▸ Problem description: An unchanged copy of every record below, without pictures, is the goal.

▸ Data section:
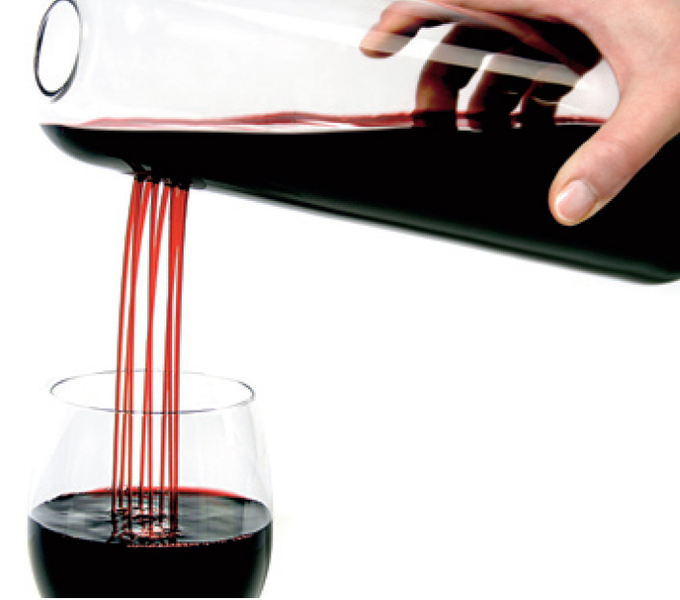 Vinkaraff RainMan från Skruf har en design som är helt unik och som förhöjer serveringen av innehållet där ett flertal enskilda strålar fyller på innehållet i glaset.
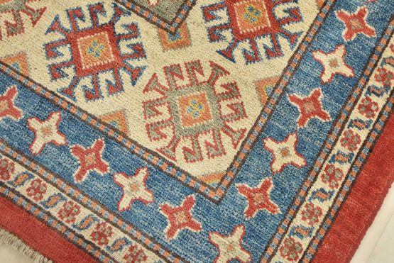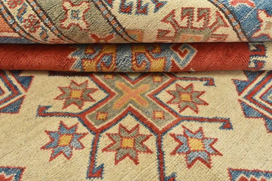 Original antique Kazak rugs from the Caucasus region inspire the creation of new Kazak rugs. These rugs are woven with fine wool using traditional Kazak patterns and finished with a low-cut pile to give them an authentic vintage look.
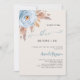 For a modern boho style bridal shower. A beige background. Decorated with a dusty blue rose, pampas grass. Personalise and add a name and party details.
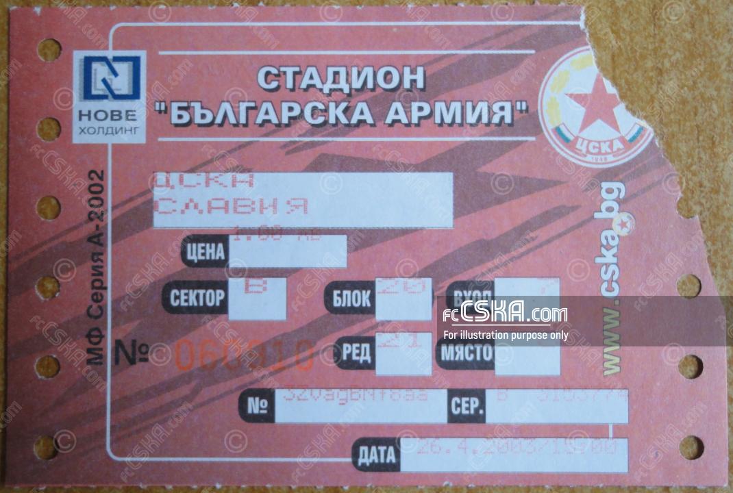 ЦСКА выиграл у Славия 1913 (София) со счётом 3:1 в матче Высшая профессиональная лига 2002/03 сыгранный 26 Апрель 2003 г. в 15:00 ч. на стадионе „Васил Левски“ в София. за армейцев отличились Жоао Брито (8′), Yordan Todorov (30′) и Makdonald Mukansi (44′).
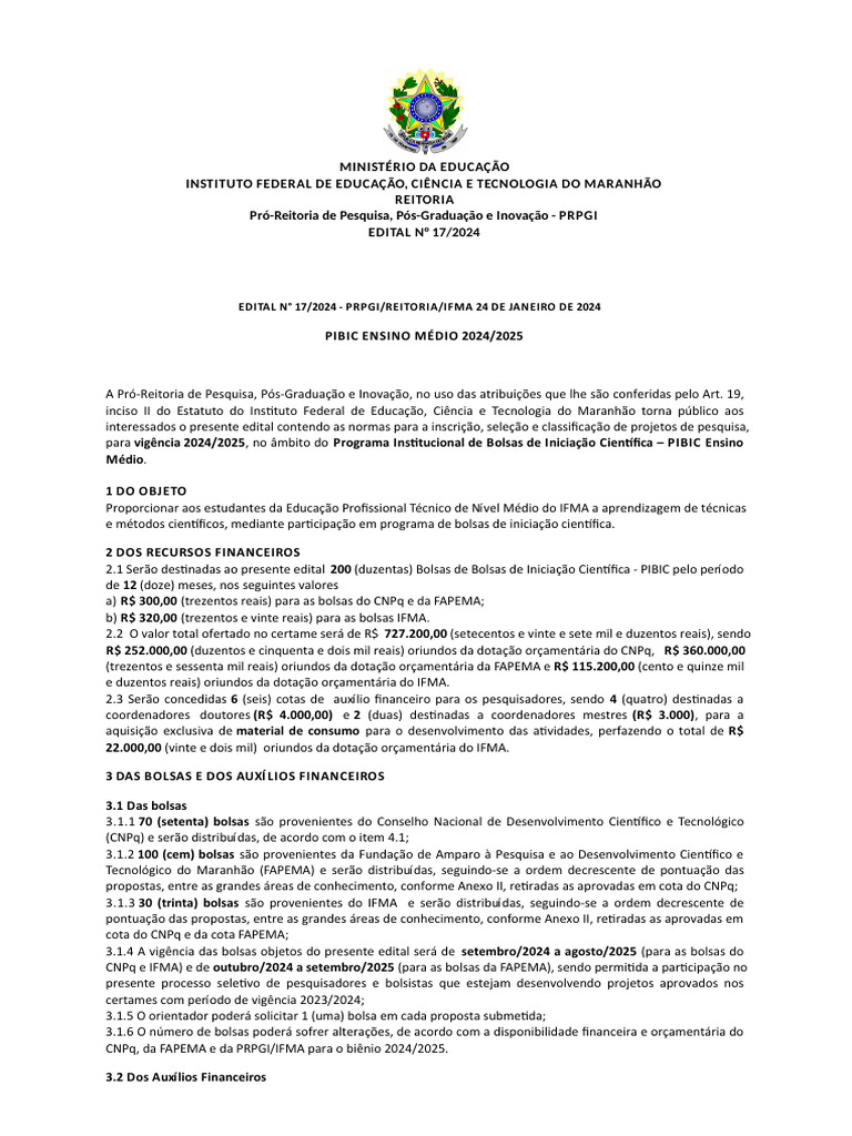 EDITAL N° 17/2024 - PRPGI/REITORIA/IFMA 24 DE JANEIRO DE 2024
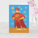 Envoyez cette carte à toute personne qui combat le cancer. Souhaitez-les bien avec ce super-héros avec une cape rouge disant bien se mettre sur sa poitrine.
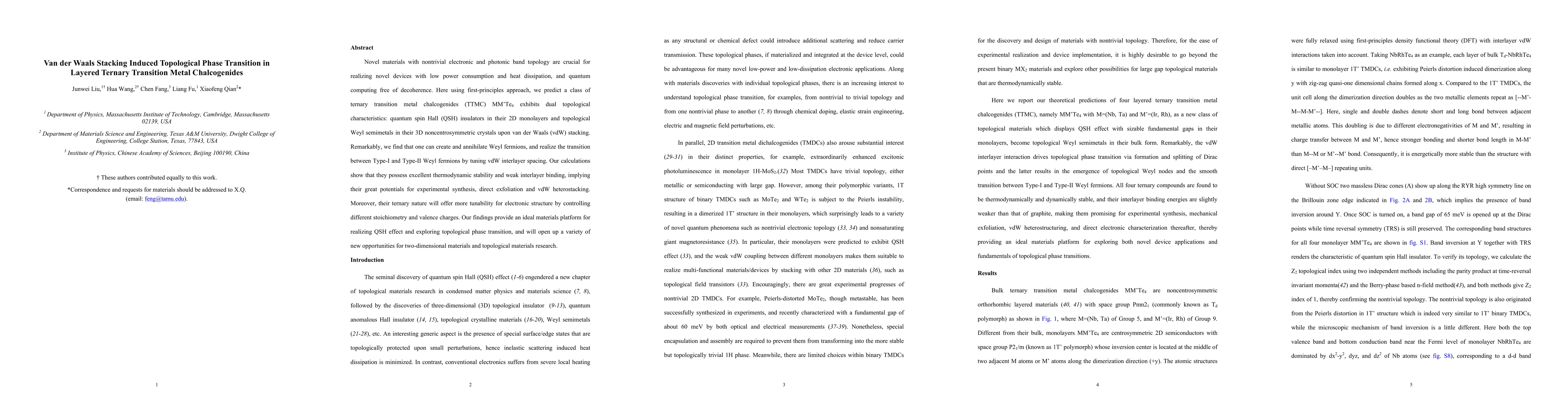 Novel materials with nontrivial electronic and photonic band topology are crucial for realizing novel devices with low power consumption and heat dissipation, and quantum computing free of decoherence. Here using first-principles approach, we predict a class of ternary transition metal chalcogenides (TTMC) MM'Te$_4$ exhibits dual topological characteristics: quantum spin Hall (QSH) insulators in their 2D monolayers and topological Weyl semimetals in their 3D noncentrosymmetric crystals upon van der Waals (vdW) stacking. Remarkably, we find that one can create and annihilate Weyl fermions, and realize the transition between Type-I and Type-II Weyl fermions by tuning vdW interlayer spacing. Our calculations show that they possess excellent thermodynamic stability and weak interlayer binding, implying their great potentials for experimental synthesis, direct exfoliation and vdW heterostacking. Moreover, their ternary nature will offer more tunability for electronic structure by controlling different stoichiometry and valence charges. Our findings provide an ideal materials platform for realizing QSH effect and exploring topological phase transition, and will open up a variety of new opportunities for two-dimensional materials and topological materials research.
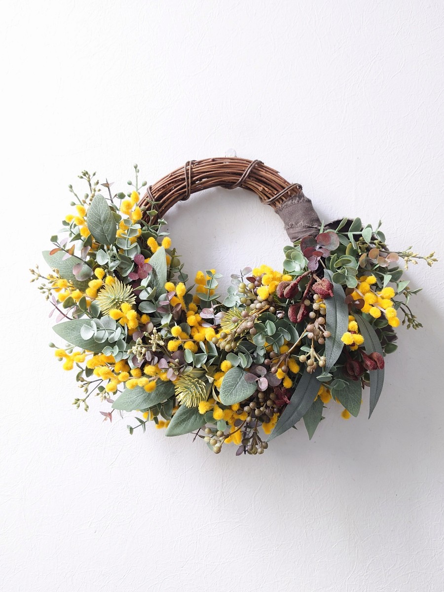 ミモザにユーカリを合わせて、シックだけど可愛いリースを作りました。
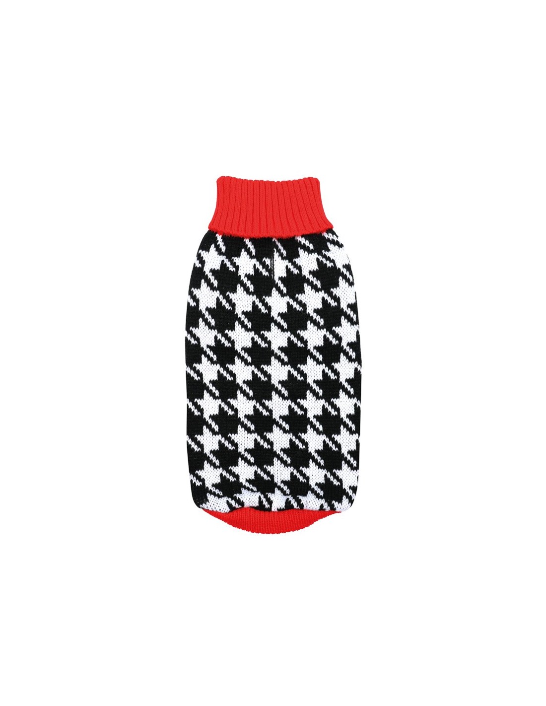 Maglioncino per cani Shopping, con collo alto dolcevita, con fantasia bianco-nera e dettagli rossi. Dotato di foro per il guinzaglio e passante in maglia per le zampe posteriori. Realizzato a maglia con filati caldi e morbidi. Lavabile comodamente in lavatrice a 30*C. Disponibile in diversi colori e misure.

▸ Your response:
 Vinkaraff RainMan från Skruf har en design som är helt unik och som förhöjer serveringen av innehållet där ett flertal enskilda strålar fyller på innehållet i glaset.
 Original antique Kazak rugs from the Caucasus region inspire the creation of new Kazak rugs. These rugs are woven with fine wool using traditional Kazak patterns and finished with a low-cut pile to give them an authentic vintage look.
 For a modern boho style bridal shower. A beige background. Decorated with a dusty blue rose, pampas grass. Personalise and add a name and party details.
 ЦСКА выиграл у Славия 1913 (София) со счётом 3:1 в матче Высшая профессиональная лига 2002/03 сыгранный 26 Апрель 2003 г. в 15:00 ч. на стадионе „Васил Левски“ в София. за армейцев отличились Жоао Брито (8′), Yordan Todorov (30′) и Makdonald Mukansi (44′).
 EDITAL N° 17/2024 - PRPGI/REITORIA/IFMA 24 DE JANEIRO DE 2024
 Envoyez cette carte à toute personne qui combat le cancer. Souhaitez-les bien avec ce super-héros avec une cape rouge disant bien se mettre sur sa poitrine.
 Novel materials with nontrivial electronic and photonic band topology are crucial for realizing novel devices with low power consumption and heat dissipation, and quantum computing free of decoherence. Here using first-principles approach, we predict a class of ternary transition metal chalcogenides (TTMC) MM'Te$_4$ exhibits dual topological characteristics: quantum spin Hall (QSH) insulators in their 2D monolayers and topological Weyl semimetals in their 3D noncentrosymmetric crystals upon van der Waals (vdW) stacking. Remarkably, we find that one can create and annihilate Weyl fermions, and realize the transition between Type-I and Type-II Weyl fermions by tuning vdW interlayer spacing. Our calculations show that they possess excellent thermodynamic stability and weak interlayer binding, implying their great potentials for experimental synthesis, direct exfoliation and vdW heterostacking. Moreover, their ternary nature will offer more tunability for electronic structure by controlling different stoichiometry and valence charges. Our findings provide an ideal materials platform for realizing QSH effect and exploring topological phase transition, and will open up a variety of new opportunities for two-dimensional materials and topological materials research.
 ミモザにユーカリを合わせて、シックだけど可愛いリースを作りました。
 Maglioncino per cani Shopping, con collo alto dolcevita, con fantasia bianco-nera e dettagli rossi. Dotato di foro per il guinzaglio e passante in maglia per le zampe posteriori. Realizzato a maglia con filati caldi e morbidi. Lavabile comodamente in lavatrice a 30*C. Disponibile in diversi colori e misure.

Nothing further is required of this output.